Do you know this? A product backlog with over 500 entries. Every idea, every request, every email has found its way there. The product backlog is supposed to provide orientation - but in reality it often looks like an overflowing basement room: full of things that could be used at some point.
The product backlog thus becomes a wish list. No one in the team has an overview of why there is which entry, which are duplicates, which are outdated. Planning with such a product backlog is impossible. Prioritization is arbitrary, there is no strategy for what belongs in which release and the actual product development loses focus. The Product Owner (PO) only manages and the Scrum Master does not fulfill his leadership role of coaching the PO in this phenomenon. I keep seeing three typical problems:
Product backlogs are too large
A product backlog is not a wish list. Nevertheless, many people use it as such. The result: hundreds of items that are never implemented. It's unclear who is supposed to make sense of it all. Tickets are sometimes created twice, there is a fear of deleting entries, and often anyone in the organization can easily create product backlog entries. Often, too many item types in JIRA lead to Erics, requirements, user stories, bugs, tasks, etc. Translated with DeepL.com (free version)
My tip: Be brave when sorting out.
Anything that is not clearly related to the product strategy is removed. Ideas can go on a separate list. But the backlog? That remains lean, clear and reduced to the essentials.
Prioritization in the backlog: stakeholder volume instead of customer benefit
The order in the backlog is often more of a coincidence than a strategy. More powerful stakeholders often prevail - and therefore not necessarily the best ideas for customers. Teams notice this immediately: the work feels arbitrary, the common thread is missing. Sprint goals cannot be achieved in this way. Work is not done incrementally because the team feels that every topic has already been started.
My tip: Make customer benefits visible.
Use simple models such as "cost of delay" or story mapping The important thing is not the tool, but the attitude: customer benefit before stakeholder volume. This makes prioritization comprehensible and transparent.
No estimation, and therefore no risk management and no release planning
I often hear "estimating is a waste of time" or "it's too big, we can't estimate like that". The result: backlogs full of unclear entries. Without estimates, however, there is no real risk management and no optimal resource planning. Without an estimate, the PO can't see whether they might need more budget and need to strengthen the team, for example, what exactly is missing from the description or what can be delivered when.

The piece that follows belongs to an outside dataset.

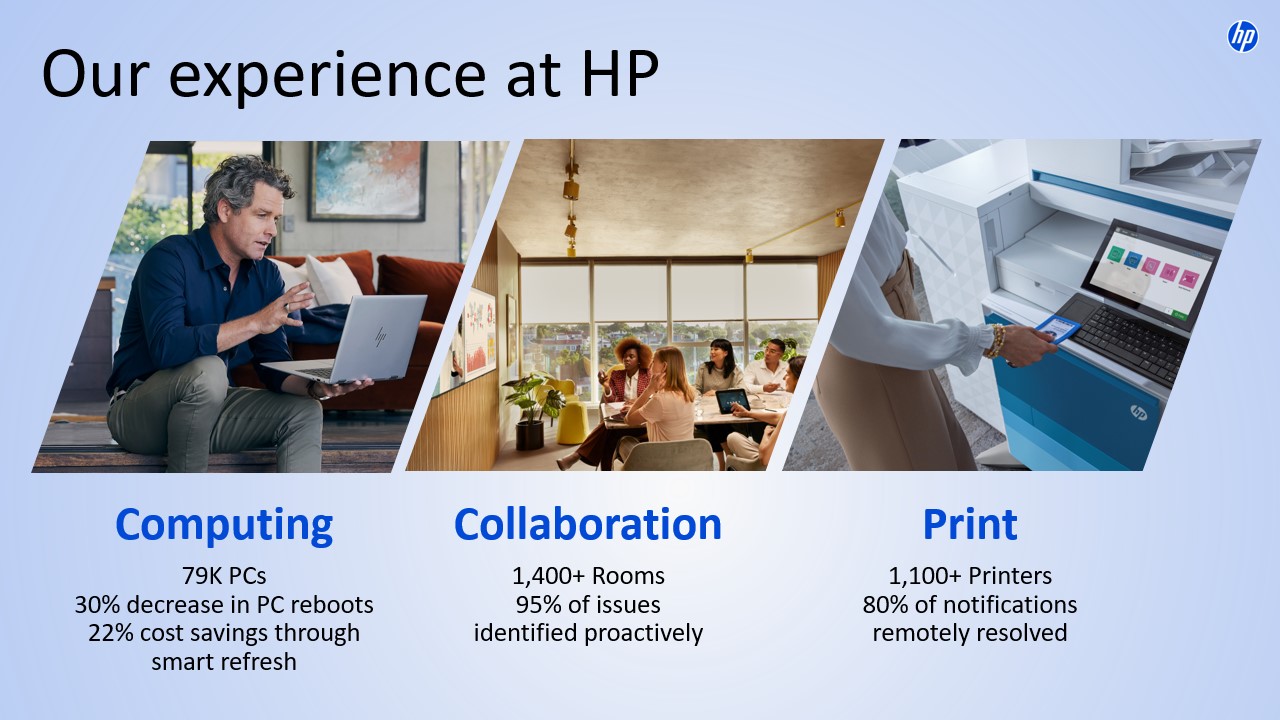 The impact is massive. When HP deployed WXP internally, our organization saw a 30% reduction in reboots, a 22% reduction in refresh costs driven by AI insights, and an 80% reduction in print issues requiring on-site support. Similarly, The University of Kansas Health System used WXP to improve employee sentiment, reduce refresh costs by more than $1,000 per device, and boost overall device performance across its 18,000-device environment.

My tip: A rough estimate is enough. But estimate!
Estimate epics roughly, estimate stories on a more detailed level. Don't have too many product backlog entry types, such as requirements, epics, tasks, and user stories. This creates a picture that you can use to plan. It's not a crystal ball, but it's a much better basis than pure gut feeling. You can create forecasts, plan releases, and check how many developers are needed..
The product owner needs active time for backlog maintenance
A product backlog is not a folder. It is a strategic tool.
And like any tool, it only works if it is looked after:
- Keep it small.
- Prioritize based on benefits.
- Estimating to make risks and planning tangible.
But precisely these things do not happen on their own. They only happen if a product owner actively takes time - for strategy, for prioritization, for maintaining the backlog. This is not a minor matter, but a core task. And the job of a Scrum Master is to enable the PO to do this.
This turns a cluttered basement room back into what it should be: the heart of agile product development.